=== Section Start ===
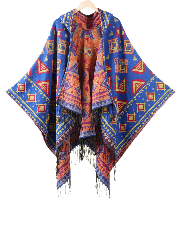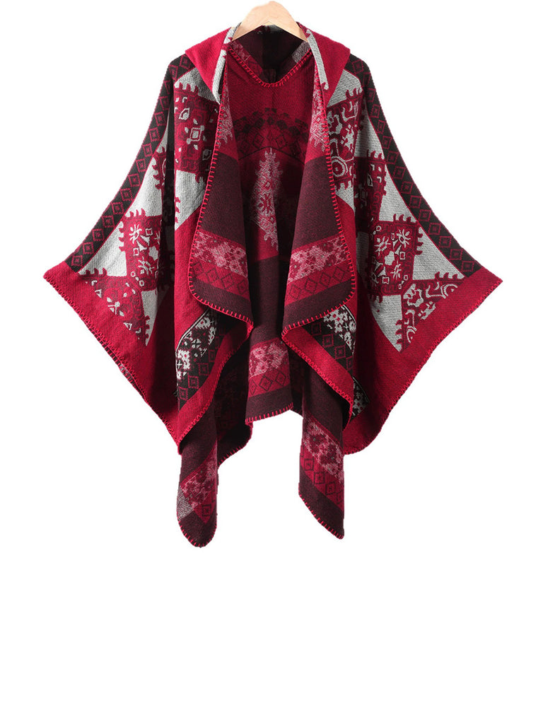 Xale com capuz quente de inverno geométrico étnico
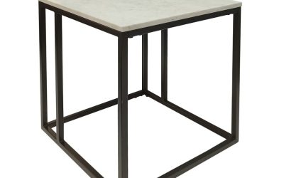 Susan 50cm Square Lamp Table White Marble Top w/ Black Base
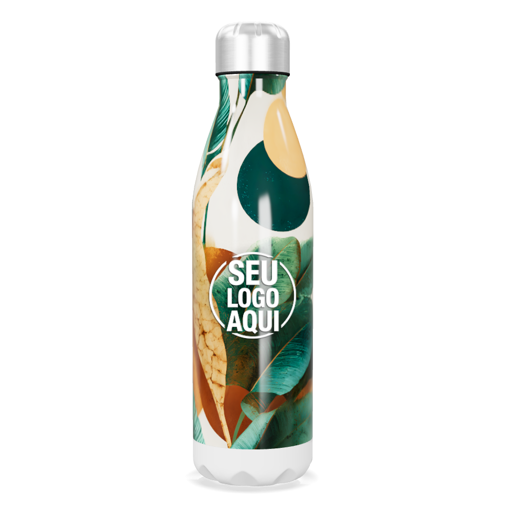 Garrafa de aço inoxidável com estampa vibrante de folhagem colorida, perfeita para manter suas bebidas favoritas sempre na temperatura ideal. Ideal para levar com você para o trabalho, academia ou em viagens, mantendo-se hidratado durante todo o dia com muito estilo.
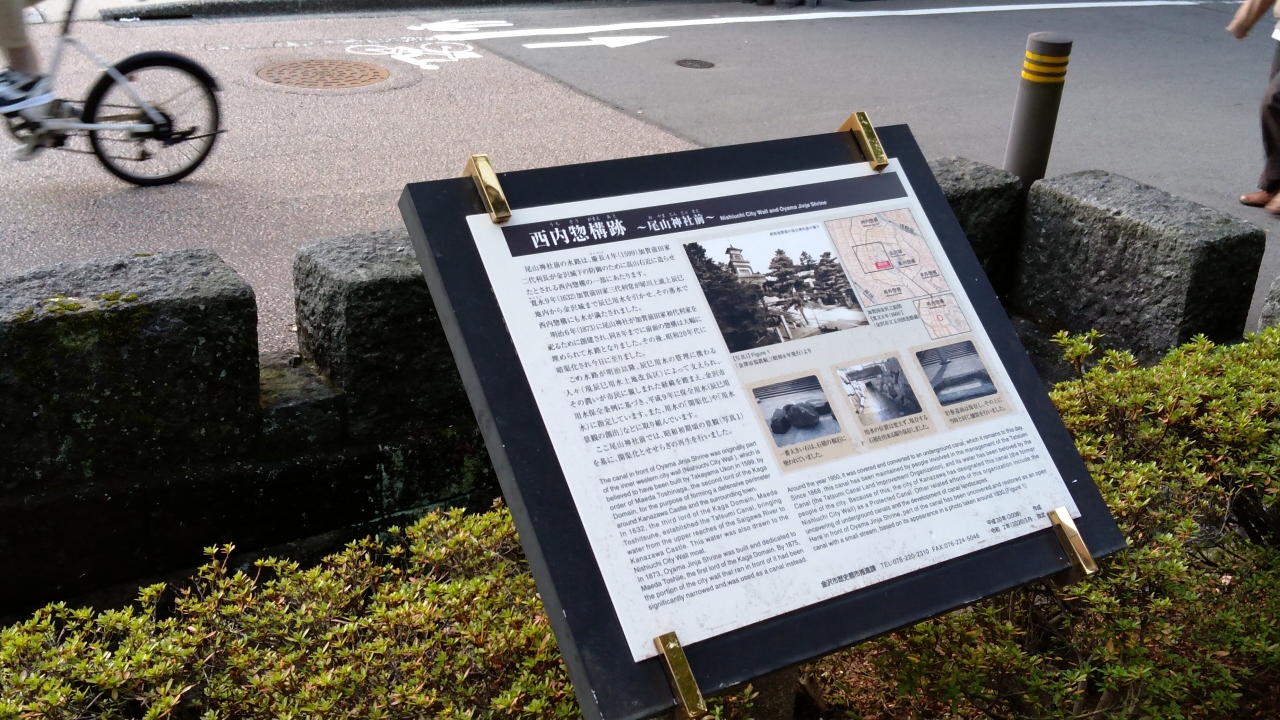 金沢に滞在中こちらの場所を訪れました。金沢市内に残されている何か所かの惣構のひとつが尾山神社前に有りました。二代目藩主の前田利長が金沢城下を防御するために高山右近に造らせた西内惣構堀の一部です。今でも水の流れを見ることが出来ました。
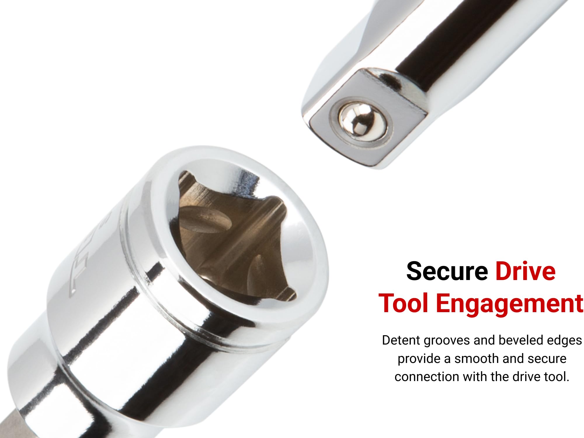 Tekton S2 steel bits are press-fit into the socket for a straight, permanent connection that can't loosen over time. The star-shaped Torx(R) bit has 6-lobes machined to precise tolerances for an exact, high-torque fit that resists camming out. The set includes a twist-to-lock socket rail to keep the sockets securely organized.
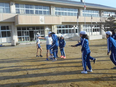 2020年2月14日 08時32分長なわ記録会に向けた練習に取り組みました。学年記録に向かって、心を一つにがんばっています。
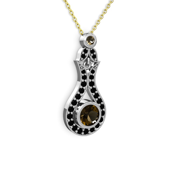 Dumanlı kuvars ve siyah zirkon 18 ayar beyaz altın kolye (40 cm gümüş rolo zincir)
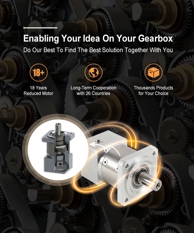Disponible solo como caja de cambios o combinado con la gama de motores BLDC, PMDC, paso a paso o servomotor Inovance. Para obtener más información y ayuda con el tamaño, contáctenos al sales@ichmo.com
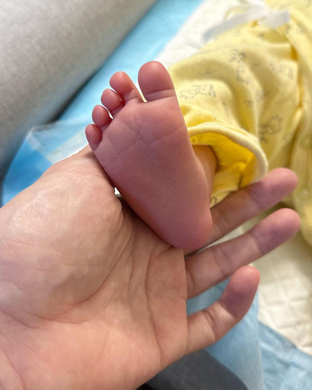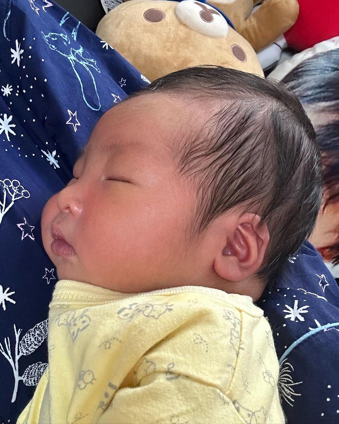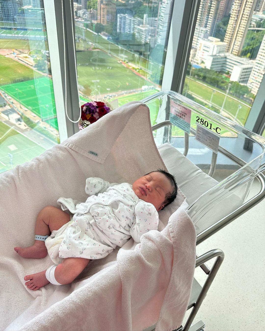 從她分享的照片見到BB非常重磅,估計體重近9磅。面珠及大髀非常好肉,看上去跟1歲大的BB差不多。她曾表示BB遺傳了老公骨架大的特質,加上自己食量大,有時更會食兩個碟頭飯才夠飽。她稱哥哥出世時,體重達9磅,頭圍爆標令她要開刀生,今胎也是選擇剖腹。
=== Section End ===
Restate only the lines running from the start of the material above through the line containing "Garrafa de aço", ends included. No pictures.

- **SOLUTION BELOW**
 Xale com capuz quente de inverno geométrico étnico
 Susan 50cm Square Lamp Table White Marble Top w/ Black Base
 Garrafa de aço inoxidável com estampa vibrante de folhagem colorida, perfeita para manter suas bebidas favoritas sempre na temperatura ideal. Ideal para levar com você para o trabalho, academia ou em viagens, mantendo-se hidratado durante todo o dia com muito estilo.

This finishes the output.